Standard & Poor’s Ratings Services announced that it has assigned its preliminary credit ratings to the €200 million asset-backed floating-rate notes to be issued by FCC SPARC, an SPE, involving the securitization of certain risks on a defined motor insurance policy book by France’s AXA Group (See IJ Website Nov. 8). The actual ratings will be announced soon.
“The transaction is structured using a quota-share reinsurance treaty between Nexgen Re Ltd. and AXA France IARD, the principal insurance operating company of the AXA group in France,” said S&P. “The risk transferred to investors is linked to the deviation of covered losses and premiums arising on a predefined portfolio of certain eligible motor insurance policies in four cover periods (2005-2008). Through the securitization, the capital markets will assume the reinsured risk above the loss ratio trigger level. The first cover period will be 2005.”
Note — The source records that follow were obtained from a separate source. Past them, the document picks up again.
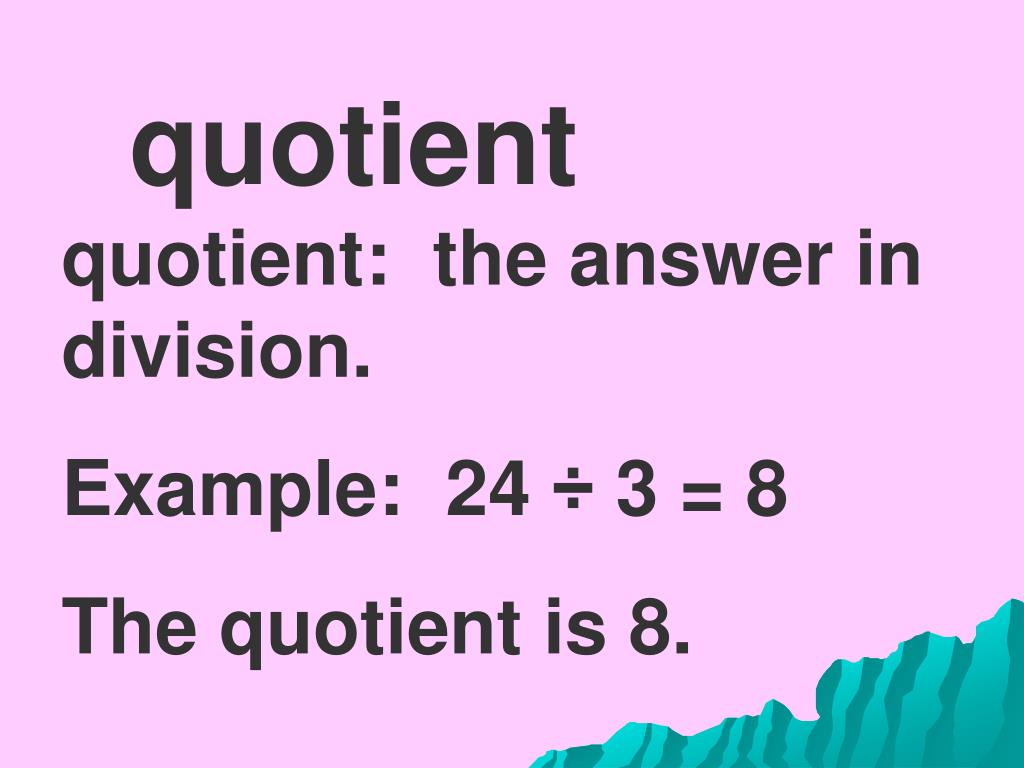 quotient quotient: the answer in division. Example: 24 ÷ 3 = 8 The quotient is 8.
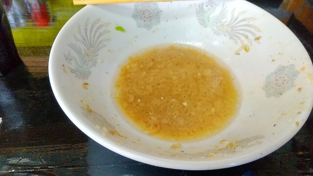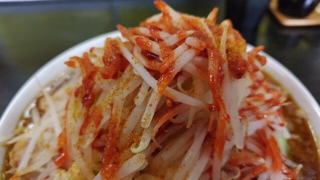 塩気が強くて濃厚なだけではない、しっかりしたスープ。軟弱なんちゃって二郎系だと、スープが負けて、ニンニクの嫌な辛みだけが残ってしまいますが、こちらのお店ではそんなことはありません。豚も本当にしっかりしています。中盤、一味唐辛子を振って味変しながらすすっていくと、いいアクセントになりました。しっかり完食、ごちそうさまでした!
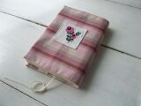 花刺繍の文庫本ブックカバー ピンクチェック
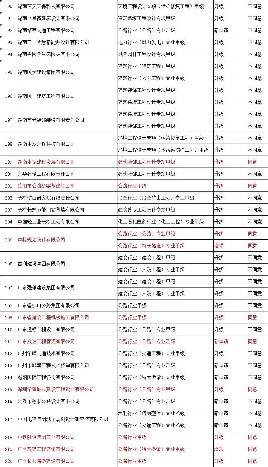 | 205 | 湖南顺天建设集团有限公司 | 建筑工程施工总承包特级 | 升级 | 不同意 |
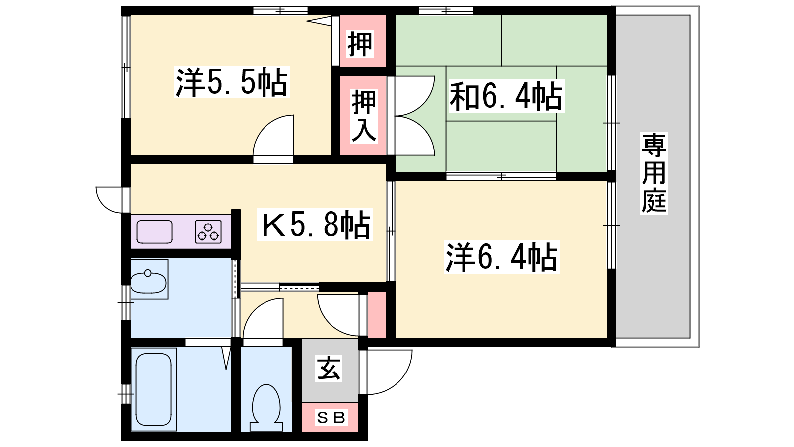 - K5.8帖、洋室6.4帖、和室6.4帖、洋室5.5帖
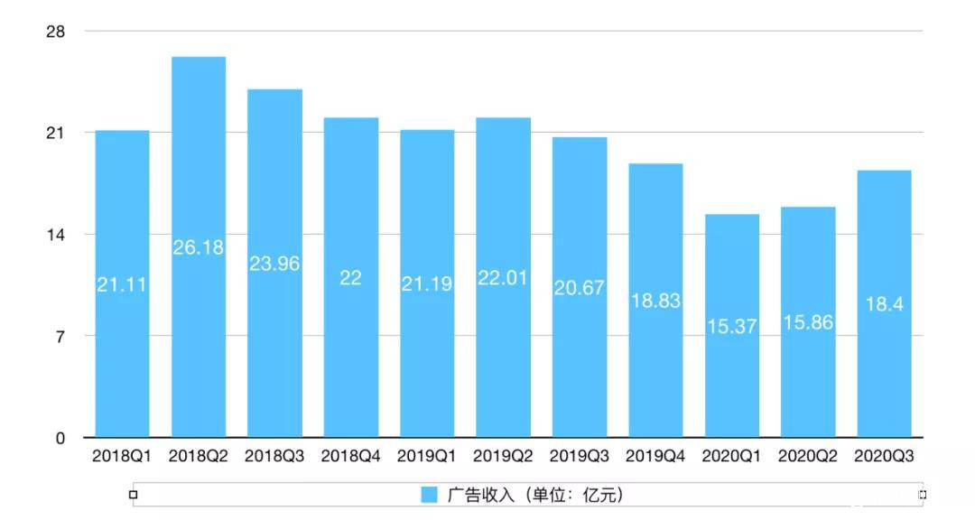 2018Q2是愛奇藝廣告收入的高峯,為26.18億元,此後一路下降,2019Q4跌破20億元,為18.83億元,2020Q1達到最低值,為15.37億元,2020Q3小幅回升至18.4億元,短時間內難以再現輝煌。

S&P said its “assessment of the recent civil unrest in France, as of today’s date, is that it is likely to have only a limited impact in terms of erosion of the junior tranche and should not affect noteholders.” The rating agency cautioned, however, that it will “closely monitor the events to assess the need for any adjustment to the junior cover range or tranching that might be required prior to closing.”
According to S&P analyst Jonathan Spry: “This landmark transaction paves for the way for further non-life insurance securitizations in Europe. It is the first motor insurance securitization to be rated by Standard & Poor’s and, excluding catastrophe bonds, the first insurance securitization in France.”
While many analysts and experts have long called for greater use of securitizations by insurance companies, they have been slow in appearing, ostensibly because the capital markets are leery of the risks involved. As S&P points out, however: “This transaction enables AXA to diversify its risk transfer to the capital markets from the traditional reinsurance market.”
S&P analyst Nicolas Malaterre commented: “AXA is willing to put in place a capital and risk management strategy that would allow the group to benefit from instruments such as securitization that are already widely used by banks to meet funding and risk management objectives.”